The tests of a subpackage named wipplpy.subpackage are
located in the tests/subpackage/ directory. Tests for a module
named wipplpy.subpackage.module are generally located in
tests/subpackage/test_module.py. For example, tests for
wipplpy.modules are located in tests/modules, and tests
of wipplpy.modules.shot_loader are located in
tests/modules/test_shot_loader.py.
Test functions within each file have names that begin with test_
and end with a description of the behavior that is being tested. For
example, a test to checks that a Data can load data from a file
might be names :test_load_diagnostic_data_from_file.
Because Data is defined in
src/wipplpy/modules/generic_get_data.py, this test would be
located in tests/modules/test_generic_get_data.py.
Closely related tests may be grouped into classes. The name of a
test class begins with Test and the methods to be tested begin with
test_. For example, test_connection.py could define a
TestConnection class containing the method test_shot_number.
Example code contained within docstrings is tested to make sure that the actual printed output matches the output included in the docstring.

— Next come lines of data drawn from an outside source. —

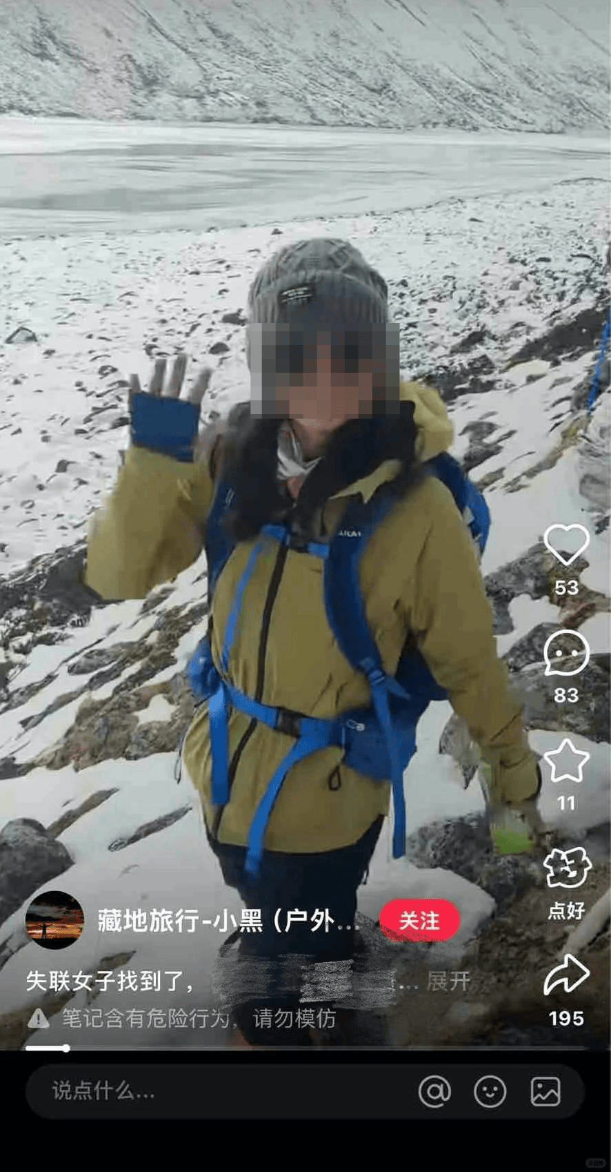 该女子获救后与救援人员合了影,但这张合影引发了部分网友和徒步爱好者的质疑,“支持救援收费”“投入了这么多人力去找她,也导致很多旅客朋友取消行程打乱规划”……
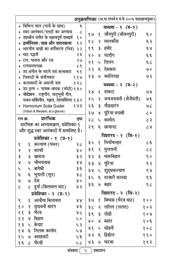 Book also includes topics like 1) the ‘10 Thaats’ with their scale, 2) different ‘Taals’ with a famous song on that Taal, 3) permutations of major scales for practice (Shuddha Swar Alankars), 4) a table based on notes relating to Indian and Western Classical style of notes, 5) introduction to ‘Gharanas’, 6) Table of classification of Ragas (Raag-Samaychakra), 7) various dance forms of India with Images, 8) Harmonium instrument's history as well as its playing technique and caretaking points are also given along with images.
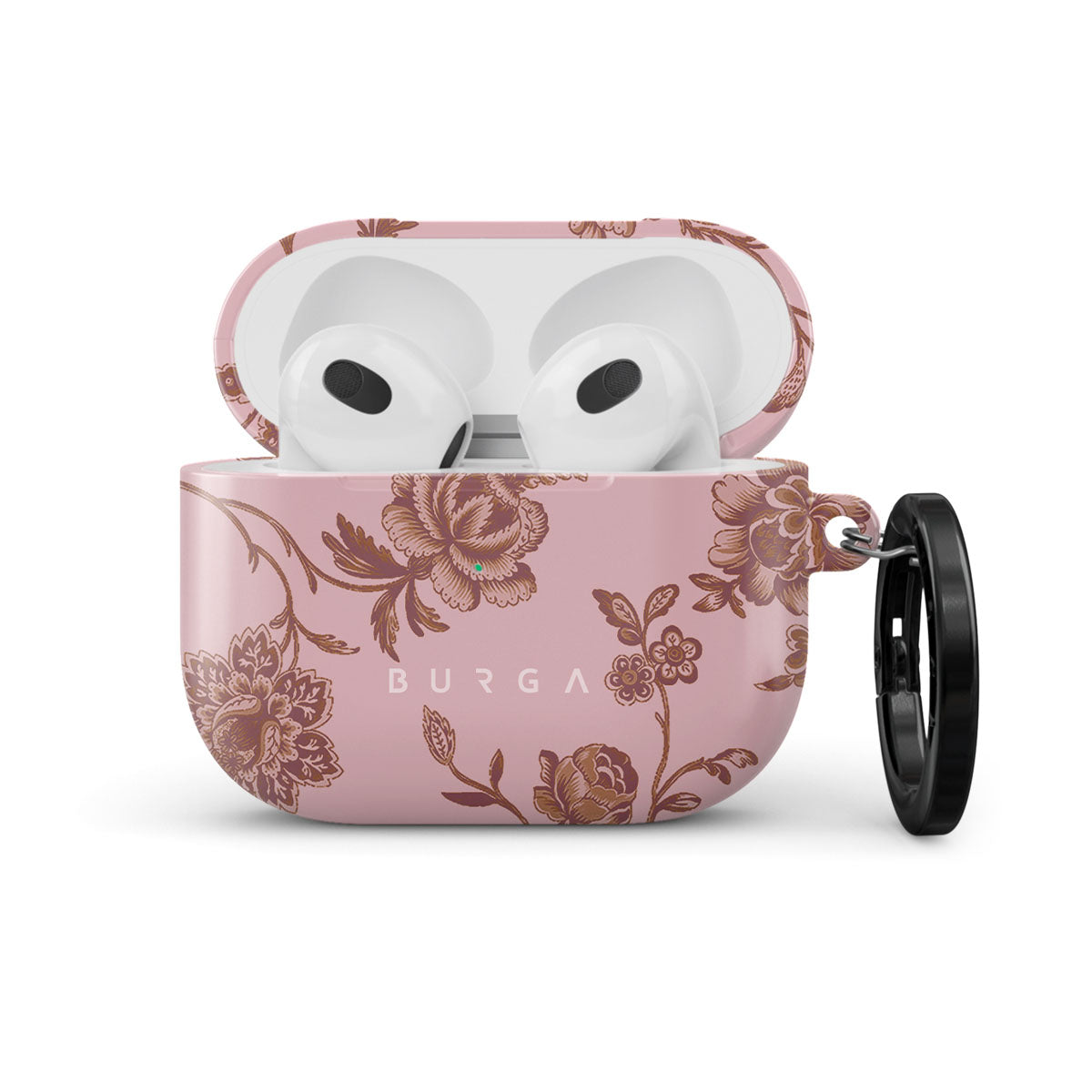The Lover AirPods 3 case cover design: because you're a Lover, not a fighter. Delicate floral motifs across a soft pink background capture the essence of timeless beauty and rustic elegance. Perfect for modern-day cowgirls with a vintage heart.
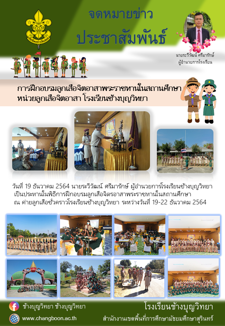 วันที่ 19 ธันวาคม 2564 นายระวีวัฒน์ ศรีมารักษ์ ผู้อำนวยการโรงเรียนช้างบุญวิทยา เป็นประทานในพิธีการฝึกอบรมลูกเสือจิตรอาสาพระราชทานในสถานศึกษา ณ ค่ายลูกเสือชั่วคราวโรงเรียนช้างบุญวิทยา ระหว่างวันที่ 1
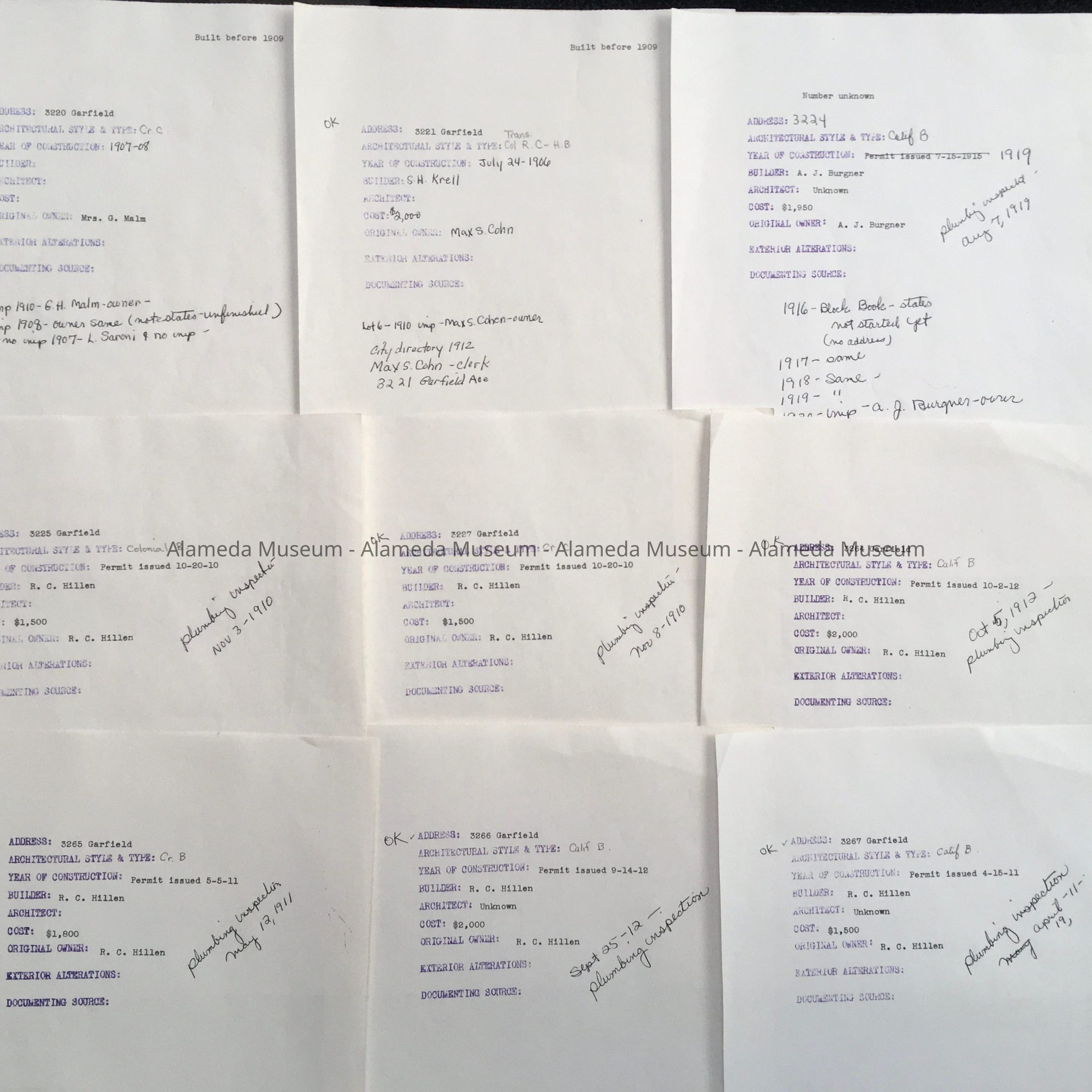 History of Object: Pages researching the history of Garfield Ave; Mr. Gunn lived on Garfield. The pre-formatted pages describe the historic information of a number of homes in a format similar to that used in George's books, listing the history of 3220, 3221, 3224, 3225, 3227, 3264, 3265, 3266, and 3267 Garfield Ave. The typed history appears a draft version of the one included in 23.43.19.
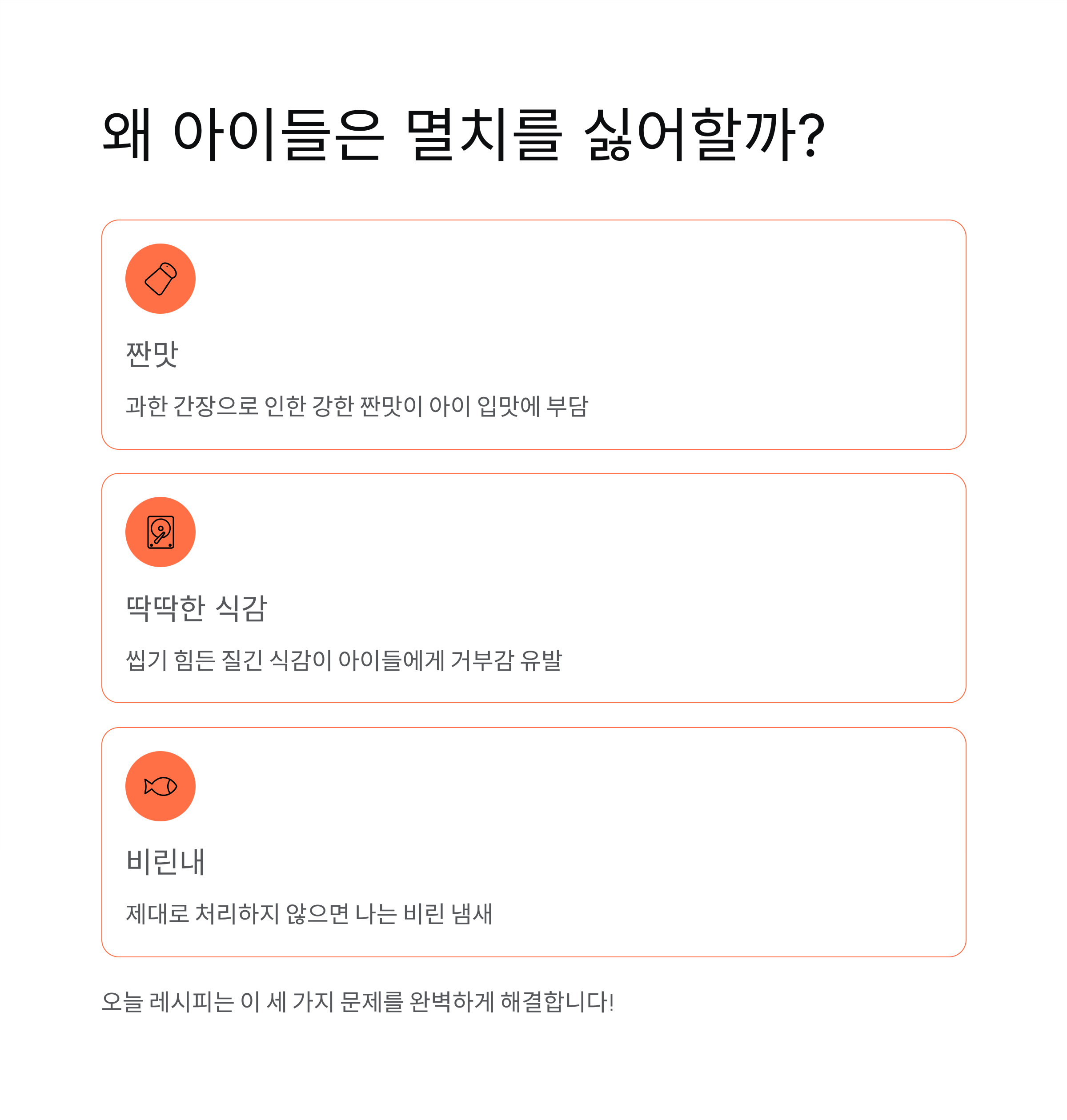 아이들이 멸치볶음을 싫어하는 가장 큰 이유는 ‘짠맛’과 ‘딱딱한 식감’이에요.
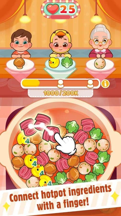 Hotpot Mania – Android için eğlenceli bir üçlü eşleştirme oyunudur, burada restoran ziyaretçilerini lezzetli yemeklerle besleyeceksiniz. Bu oyundaki ana göreviniz, aynı türdeki sebzeleri veya et ürünlerini bir çizgide birleştirip onlardan yemekler hazırlamaktır. Mükemmel seviyeleri tamamladığınızda jetonlar ve güçlendirmeler kazanın ve harika sonuçlar elde edin. Ziyaretçilerden gelen birçok siparişi alın ve bunları mümkün olan en kısa sürede yerine getirin. Nesneleri uzun zincirlere bağlayın ve kombine vuruşlar yapın. Liderlik tablosunda daha yükseklere çıkın ve arkadaşlarınızla rekabet edin.
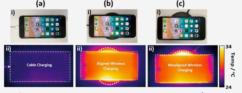 В первом случае (a) смартфон заряжался через кабель, во втором (b) на беспроводной зарядке с точно выровненными катушками, а в третьем (с) на беспроводной зарядке со смещенными катушками.
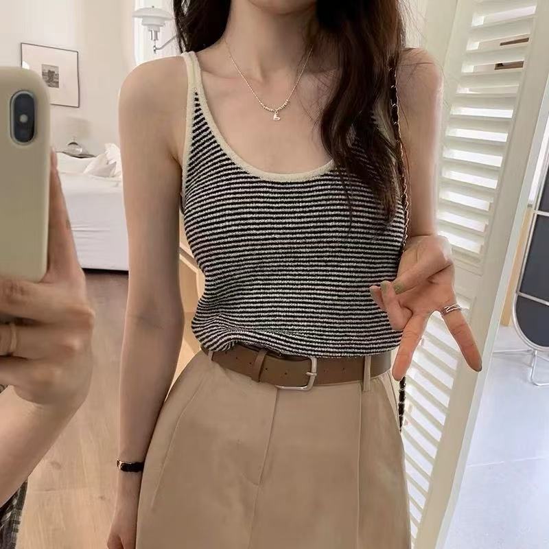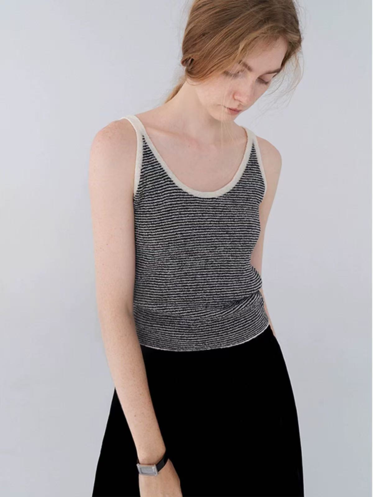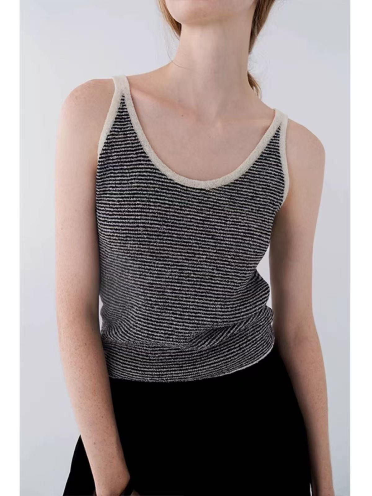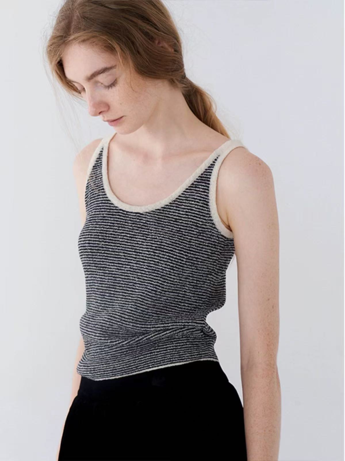 骨格ウェーブ ラウンドネックボーダーキャミソール
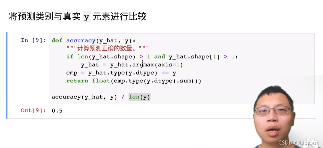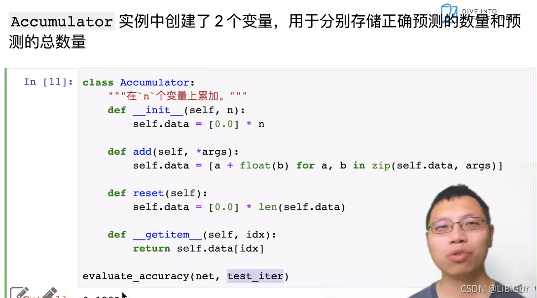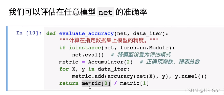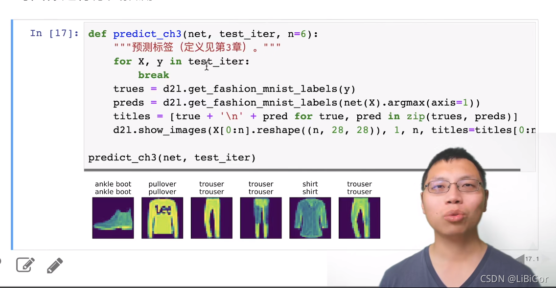 在训练softmax回归模型后,给出任何样本特征,我们可以预测每个输出类别的概率。 通常我们使用预测概率最高的类别作为输出类别。 如果预测与实际类别(标签)一致,则预测是正确的。 在接下来的实验中,我们将使用精度(accuracy)来评估模型的性能。 精度等于正确预测数与预测总数之间的比率。
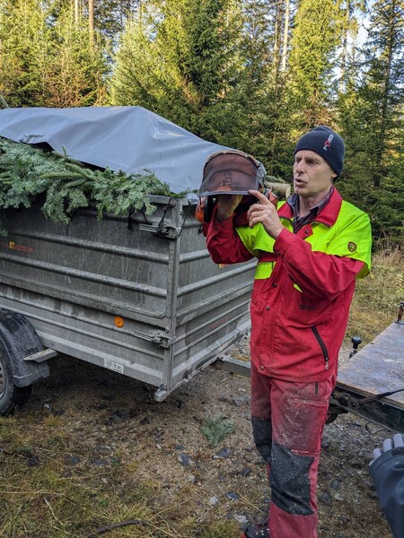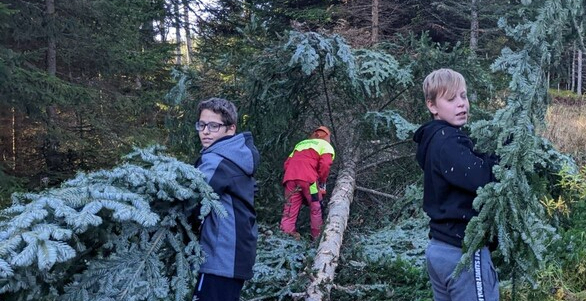 Mit Sicherheitsabstand von zwei Baumlängen fällte Herr Kellner den Baum mit seiner Motorsäge. „Baum fällt“ - das war sehr aufregend für uns! Danach trennte er mit seiner Motorsäge noch die großen Äste ab und die Spitze wird zu unserem Schulchristbaum!

More information on test organization, naming, and collection is provided in pytest’s documentation on test discovery conventions.
Assertions¶
A software test runs a section of code and checks that a particular condition is met. If the condition is not met, then the test fails. Here is a minimal software test:
def test_addition():
assert 2 + 2 == 4
The most common way to check that a condition is met is through an
assert statement, as in this example. If the expression that follows
assert evaluates to False, then this statement will raise an
AssertionError so that the test will fail. If the expression that
follows assert evaluates to True, then this statement will do
nothing and the test will pass.
When assert statements raise an AssertionError, pytest will
display the values of the expressions evaluated in the assert
statement. The automatic output from pytest is sufficient for simple
tests like above. For more complex tests, we can add a descriptive error
message to help us find the cause of a particular test failure.
def test_addition():
actual = 2 + 2
expected = 4
assert actual == expected, f"2 + 2 returns {actual} instead of {expected}."
Tip
Use f-strings to improve error message readability.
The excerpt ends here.